In 1941, the Japanese attack on Pearl Harbor incited widespread anti-Japanese feeling in the U.S., particularly on the West Coast where large communities of Japanese Americans lived and worked. President Franklin Delano Roosevelt signed Executive Order 9066 on February 19, 1942, authorizing the establishment of military areas covering the West Coast of the U.S, "from which any or all persons may be excluded." This allowed for the removal from these areas of Japanese Americans and those of Japanese ancestry. Residents of Seattle's Japantown were forced to abandon their homes and businesses with many of them bringing their valuables to be stored in the basement of the Panama Hotel, a well known establishment in the district. The evacuees were detained at Puyallup Assembly Center(Camp Harmony) near Puyallup, Washington before being sent to Minidoka Relocation Center  in Idaho for the duration of the war.

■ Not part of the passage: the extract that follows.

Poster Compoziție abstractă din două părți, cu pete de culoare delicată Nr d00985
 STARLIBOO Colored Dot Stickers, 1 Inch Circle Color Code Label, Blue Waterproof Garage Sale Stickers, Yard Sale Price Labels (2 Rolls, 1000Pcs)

As was the case in many cities on the West Coast  during the war, large numbers of African Americans came to Seattle for military duty and to fill wartime jobs and moved into the abandoned buildings and houses of Japantown. Clubs and dance halls were established along South Jackson Street and soon became popular as places to hear jazz, swing, and blues music. After the war, many Japanese residents chose not to return to Seattle or returned to settle elsewhere in the city with their families.
 

The 1950s through the 1970s brought changes to Chinatown. The construction of Interstate 5 in the 1960s physically divided the various Asian neighborhoods and eliminated businesses, homes and churches. The Kingdome Stadium, built in the 1970s on the southwestern edge of Chinatown, created traffic and parking problems. Also in the 1970s Seattle passed stricter building and fire codes that resulted in the closure and demolition of many of Chinatown's older buildings.
 

In 1973, Seattle established the International Special Review District to preserve the area’s Asian culture and history and to protect it from unwanted development. The local district, located on both sides of Interstate 5, encompasses the commercial centers of Chinatown and Japantown as well as all of Manilatown and Little Saigon. A variety of projects have been launched since 1973, to revitalize the Special Review District including: Hing Hay Park, a public park and community gathering place with a large ornate Chinese pavilion that was a gift from the people of Taipei, Taiwan (S. Intersection of King Street and Maynard Avenue); a traditional red, yellow, and blue 45-foot tall Chinese gate (paifang) marking the western entrance to Chinatown (5th Avenue and King Street); Kobe Terrace, a public park named for Seattle's sister city of Kobe, Japan (top of 7th Avenue). The park incorporates the Danny Woo International District Community Garden and has cherry trees, walkways, and lovely panoramic views of the city; the Wing Luke Museum of the Asian Pacific American Experience in the historic East Kong Yick Building, the only community-based museum in the U.S. dedicated exclusively to the history of pan-Asian Pacific Americans (719 South King Street); and the Uwajimaya Village, a mixed-use commercial/residential development anchored by Uwajimaya, the largest Asian grocery and specialty store in the Pacific Northwest (corner of 7th Avenue and Lane Street). Uwajimaya was started in Tacoma, Washington in the 1920s, but was relocated to Seattle's Chinatown by its founder Fujimatsu Moriguchi after he and his family were released from incarceration in the Tule Lake Relocation Center at the end of World War II.
 

Today, the Seattle Chinatown Historic District is a thriving residential and commercial neighborhood that forms the core of the International Special Review District and includes one of the largest groups of intact pre-World War II buildings in the city reflecting the history and historic architecture of this vibrant ethnic community.

The Seattle Chinatown Historic District is roughly bounded by South Main Street, 5th Avenue South, South Weller Street, and Interstate 5.